周三上午,黎峰在A區大樓一樓心理門診室坐診時,鍾劍假裝病人找到了他。為了避免打草驚蛇,他是打出租車過來的,故意把帽簷拉得很低,還戴著墨鏡。他看黎峰的診室裡就他一個人,便摘下墨鏡,出示了記者證:“黎醫生,我是都市報的記者鍾劍。聽嶽芳說你是個很有正義感的醫生,想找你了解療養院的一些情況。”
“哦,想了解什麽情況?”黎峰有些不悅,但因是嶽芳介紹來了,且他已交了一個小時100元的心理谘詢費,不好拒之門外。
“你的一個病人嫦娥是從街頭隨便抓來的吧?”鍾劍徑直問。
“是嗎?”黎峰大吃一驚。“不可能吧。嫦娥是C區馬蘭花醫生轉過來的,說是她一個朋友的女兒,離家出走找到後就送到了這裡治療。”
“嶽芳親口告訴我,說他們在胭脂路附近的一個巷子裡抓到嫦娥,把她麻醉後帶回C區,關在地下室裡等待做開顱手術。馬醫生覺得這個小姑娘病情沒有那麽嚴重,也很可憐,就偷偷轉給宋醫生,宋醫生讓你負責治療的。”鍾劍從口袋裡掏出兩袋檳榔,扔給黎峰一袋,自己剝了一顆大嚼了起來。
“噢,這些我真不知道。你可再找馬蘭花醫生問問看,也許她掌握的情況更多。”黎峰開始意識到問題的嚴重性。他想到那次去接嫦娥時誤入陰森可怕的大腦標本室,還有嶽芳諱如莫深的手術室。難道C病區真存在很多不可告人的秘密?
“好。黎醫生,謝謝你的合作!如果你有什麽新情況,請及時告訴我。”鍾劍翻出一張名片遞給了黎峰,戴上墨鏡,像來時一樣裝成病人低著頭離開了。
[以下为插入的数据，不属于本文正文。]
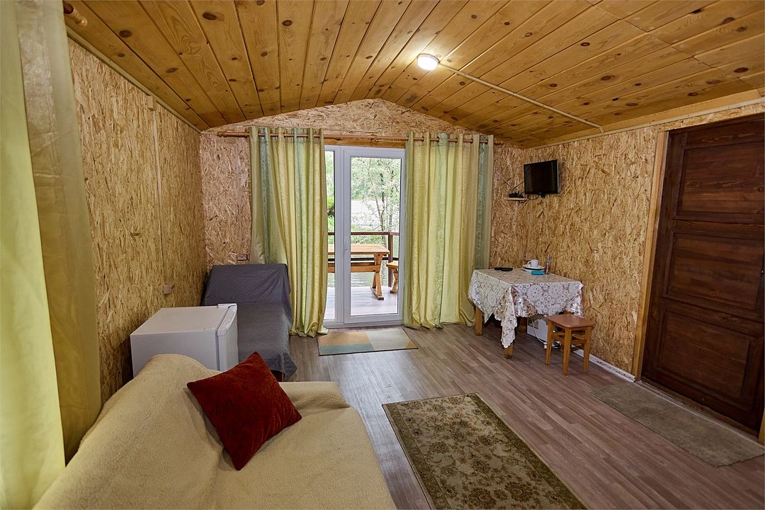 телевизор, спутниковое телевидение, микроволновая печь, водонагреватель, терраса, двуспальная кровать, стулья, шкаф для одежды, обеденный стол, зеркало, ковер, две комнаты, набор посуды, чайник, раковина, обеденная зона, отдельный вход в номер, душ, вид во двор, стаканы, столовые приборы, тумба, туалетные средства, туалет, мангал, раскладной диван, мини-холодильник, вид на горы, номер для некурящих, двуспальный раскладной диван-кровать, уборка номера, уличный стол и стулья из тикового дерева, мыло, можно с питомцамиВ домике

黎峰按鈴叫來了另一個病人,一個一天至少洗十次手刷十次牙的男大學生。他患有細菌恐懼症。黎峰聽著他娘娘腔的訴說,頭腦裡卻在想著嫦娥的事兒。
男生兩片外翻的嘴唇終於停止了不規則運動。黎峰采用滿灌療法嚇阻他說:“因為你反覆地做同一個動作,導致你大腦裡傳遞信息的某些神經束出現異常鏈接。如果通過手術,將錯亂的神經纖維進行阻斷和梳理,你就能很快恢復正常。”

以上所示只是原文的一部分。